The in vitro release characteristics of the POD-loaded GA micelles were investigated using the dialysis method (Hazzah et al., Citation2015). Briefly, POD-loaded GA micelles solution (1 mL) containing 5 mg/mL POD was put into the swelled dialysis bag with a molecular weight cut off of 5000 Da. Then, the dialysis bag was tied and immersed into 100 mL release medium (PBS solution supplemented with 0.5% Tween-80). The paddle speed was set at 100 rpm. The bath temperature was set at 37 ± 0.5 °C. The release medium (0.5 mL) was withdrawn at different time intervals (10 min, 0.5 h, 1 h, 1.5 h, 2 h, 3 h, 4 h, 5 h, 6 h, 8 h, 10 h, and 12 h) and replaced with an equivalent volume of a previously warmed fresh medium. The POD samples were filtered using 0.22-μm filters and analyzed by HPLC method. Each experiment was performed in triplicate.
In vivo drug-deposition study and skin distribution
POD formulation samples were applied to the anesthetized rats.

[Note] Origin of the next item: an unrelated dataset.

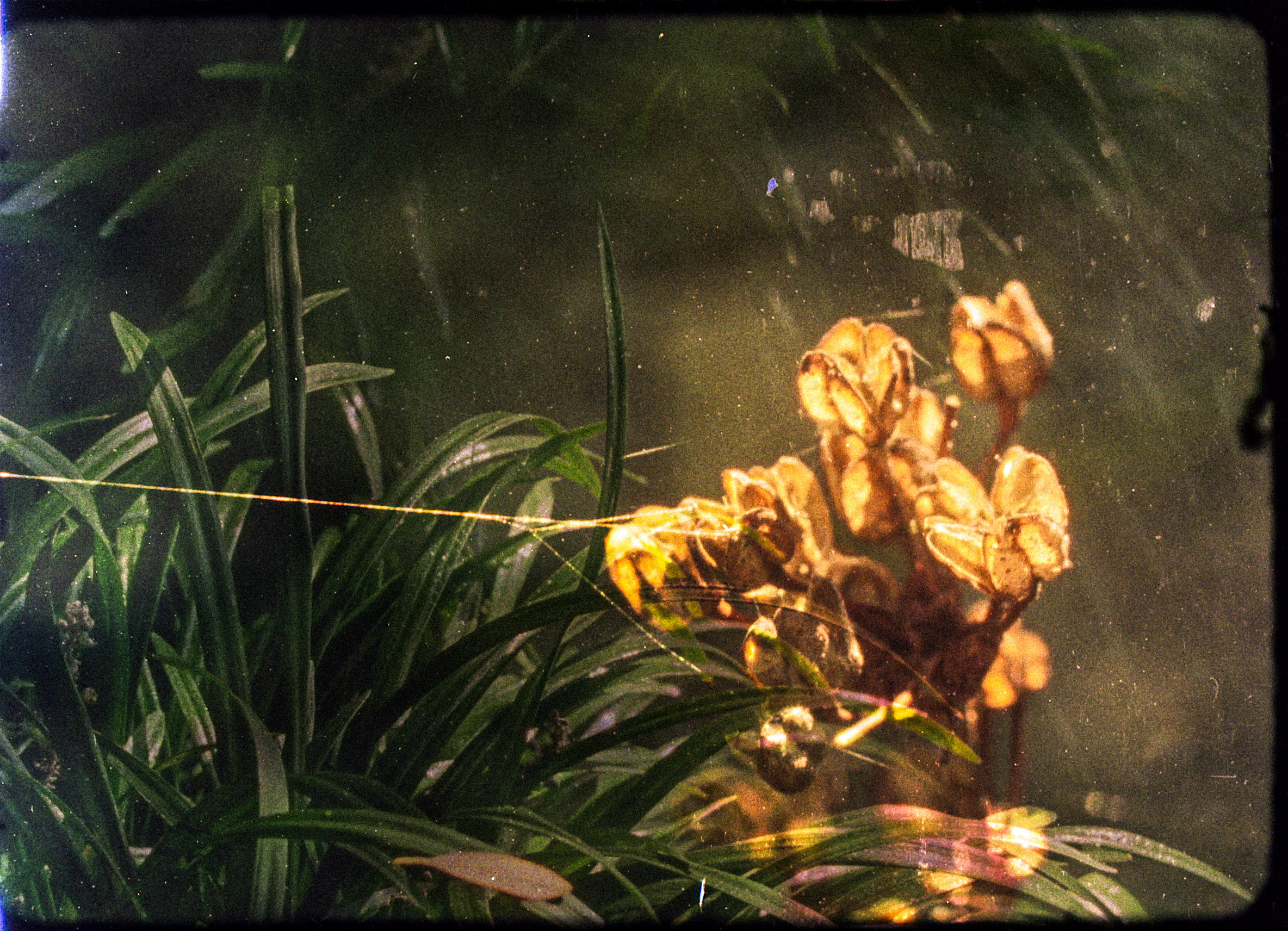 The 16 mm material was hand-processed on site in a hybrid development process using plants, fungi, and water collected at the locations visited. The films become carriers of the landscape itself, living archives of earth, movement, and memory.

The drug application dosage (0.796 mg/cm2) was strictly controlled and was the equivalent of the dose in the in-vitro experiments. Skin samples in anesthetized rats to which POD-loaded GA micelles formulation or the POD tincture (1, 3, and 5 mg/mL) were applied were dismantled and evaluated at each predetermined time interval (2, 4, 8, and 12 h). After being rinsed with normal saline, the skin was cut into small 1 cm2 pieces. POD was extracted from the skin layers by homogenization in 1.5 mL of methanol followed by centrifugation (15 000 rpm; 30 min). The supernatants were then collected and analyzed using HPLC.
POD has fluorescent activity, with maximum excitation and emission wavelengths of 292 nm and 329 nm, respectively. The deposited drug in the skin slice was observed by fluorescence microscopy (Olympus DP71, Tokyo, Japan). The skin samples treated with the GA solution, POD tincture, and POD-loaded GA micelles formulation from in vivo permeation experiments (12 h) were rinsed by normal saline. Samples were frozen at −20 °C and fixed by a viscous gel (OPT). Slices were then cut using a freezing microtome (LEICA CM1850 UV, Nussloch, Germany). Horizontal sections were obtained so the fluorescence microscopy could be used for visualizing the distribution of POD.

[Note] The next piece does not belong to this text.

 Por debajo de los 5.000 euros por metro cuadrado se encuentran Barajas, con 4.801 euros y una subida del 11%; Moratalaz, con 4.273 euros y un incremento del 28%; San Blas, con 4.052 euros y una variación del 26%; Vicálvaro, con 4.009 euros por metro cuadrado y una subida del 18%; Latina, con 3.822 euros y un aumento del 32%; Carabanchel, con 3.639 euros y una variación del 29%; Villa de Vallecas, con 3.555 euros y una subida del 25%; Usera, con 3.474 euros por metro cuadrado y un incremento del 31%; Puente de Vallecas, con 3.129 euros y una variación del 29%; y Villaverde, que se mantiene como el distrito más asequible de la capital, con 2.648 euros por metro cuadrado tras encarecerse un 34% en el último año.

HE staining and immunohistochemistry
HE staining and immunohistochemistry were carried out as previously described (Wang et al., Citation2015). Briefly, rats were divided into four groups, and formulation samples were applied twice daily for 3 d, which simulated the dosage and course of the clinical treatment (Lacey et al., Citation2003). The samples were physiological saline, 75% ethanol, POD tincture, and POD-loaded GA micelles formulation. The skin grafts were harvested and processed by 4% paraformaldehyde fixation and paraffin embedment (LEICA EG1160, Nussloch, Germany). Samples were cuts into 3-μm sections using a slicer (LEICA RM2235, Nussloch, Germany) and stained with hematoxylin and eosin (HE) for cutaneous histomorphological observation. The paraffin sections were deparaffinized and hydrated, then washed with PBS containing 1% bovine serum albumin. Background staining was blocked with powdered skim milk. Sections were incubated overnight at 4 °C with anti-TNF-α (Santa Cruz Biotechnology, Santa Cruz, CA) or anti-IL-6 (Bioworld Technology, Inc. St Louis Park, MN) and then washed three times for 5 min each in PBS plus 1% BSA. Samples were then incubated at room temperature for 45 min with a biotinylated antibody. Sections were incubated with the AB complex (Vector Laboratories, Burlingame, CA) for 45 min and then washed again, and the reaction was revealed by DAB (Sigma-Aldrich, St. Louis, MO) and counterstained with Mayer’s hematoxylin. The immunohistochemical assays were performed to test the expression of the inflammatory factors TNF-alpha and IL-6 in the treated skin. Microscopy (Olympus DP71, Tokyo, Japan) was used to observe the differences in these groups.
Statistical analysis
All the results are presented as the arithmetic mean values ± standard deviation (SD) of at least three replicates (n = 3). The treated groups were compared with the control groups by repeated measures analysis of variance, following a Fisher's Least Significant Difference (LSD). p value < 0.05 was considered significant. The software GraphPad Prism 5 (GraphPad Software, San Diego, CA) was used for data analysis.
Results
Solubility studies
The solubility diagram of POD with the GA solution is presented in . The plot () showed that the poor solubility of POD in water was 0.104 mg/mL. However, its solubility could be increased dramatically in ethanol aqueous solution as the proportion of ethanol rose. When the ethanol proportion was around 40% (v/v), the solubility of POD could reach 5 mg/mL (equaling to the traditional POD tincture used in the clinic). Considering that the concentration of POD used in the clinic is 5 mg/mL, the dosage was chosen to investigate the solubilizing effect of GA on POD in different proportions of ethanol aqueous solution. It is clearly observed in that the drug solubility in the ethanol/water solution increased greatly as GA was added. The POD concentration of the samples in 25% ethanol without GA was 1.060 ± 0.039 mg/mL, the concentration of the formulation reached 5 mg/mL with a high entrapment efficiency () when the GA/POD ratio up to 8:1. The POD concentration achieved 5 mg/mL when the samples’ GA/POD ratio was higher than 8:1 and the ethanol content higher than 25%. At this ratios condition, the micelles solution could be formed. To sum up, these results indicated that POD was poorly water soluble, while its solubility could be increased by adding GA into ethanol aqueous solution.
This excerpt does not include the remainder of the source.